The stories of the survivors will tear your heart out, and at the same time leave you with chills at the horrors they had to face. One segment, filmed in a barbershop, of a camp survivor who had been forced to cut the hair of victims prior to the gas chambers is particularly gripping. This man, clearly as tough as they come, tells his tale in a matter of fact manner, even describing how he had to cut the hair of friends just before their death, knowing what was coming for them but unable to save them. But when the interviewer asked him "how did that make you feel", the moment of introspection at the questions made it impossible for him to hide the incredible pain this put him through. Never have I felt so terrible for anyone in any film I have ever seen. And many of the conversations with survivors have the same pain.
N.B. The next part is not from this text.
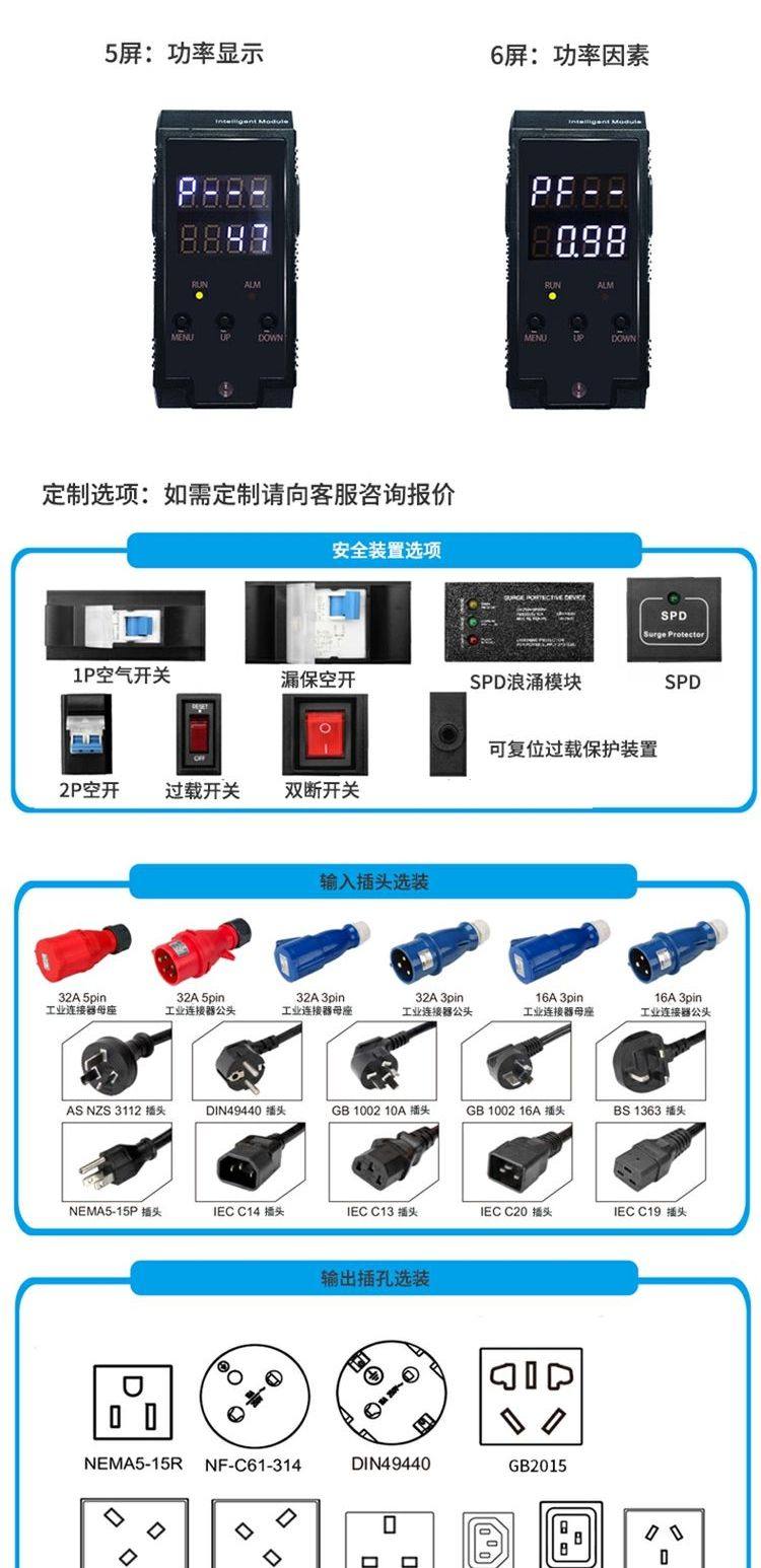 智能PDU机柜电源插座欧规欧标16A电压电流功率显示过压过流蜂鸣

The filmmaker is clearly and excellent interrogator as well. In his interviews with former Nazis that worked in the camps, he is consistently able to identify the parts of their stories that didn't make sense and in a completely innocent way, bring them back on topic with virtual full confessions of their duplicity and knowledge of every aspect of what was happening to the Jews. This is not the crux of the film, but each of these cases is very telling in understanding the madness of the Third Reich.
Some of the most interesting, and frightening, conversations were with German citizens. Many of these people were caused great pain and suffering because of the camps, but there are also several who seemed to have no pity at all. Telling stories of how they would terrify incoming death camp inmates by drawing their thumb across their throat whenever they were in view, you are left with the feeling that it was done for their enjoyment. In the final series, a village of German citizens seem terribly happy to see a camp survivor they had all known for singing on the river during the war. After much back slapping, the interviewer is able to lead them down a path where many seem to suggest that the camps were God's vengeance on the Jews for not believing in Christ. Four decades after the war, and the anti-semitism is still very present despite their attempts to cover it up.
Overall this is an important film. Understanding the errors of humanity's past is the best way to educate people to prevent the same things from occurring again. That doesn't make this film easy to watch. More than once it brought me to tears, and connected me with the Holocaust in a way I never had been before. I had always known of the horrors and the suffering, but in a clinical sense. Shoah makes it all real.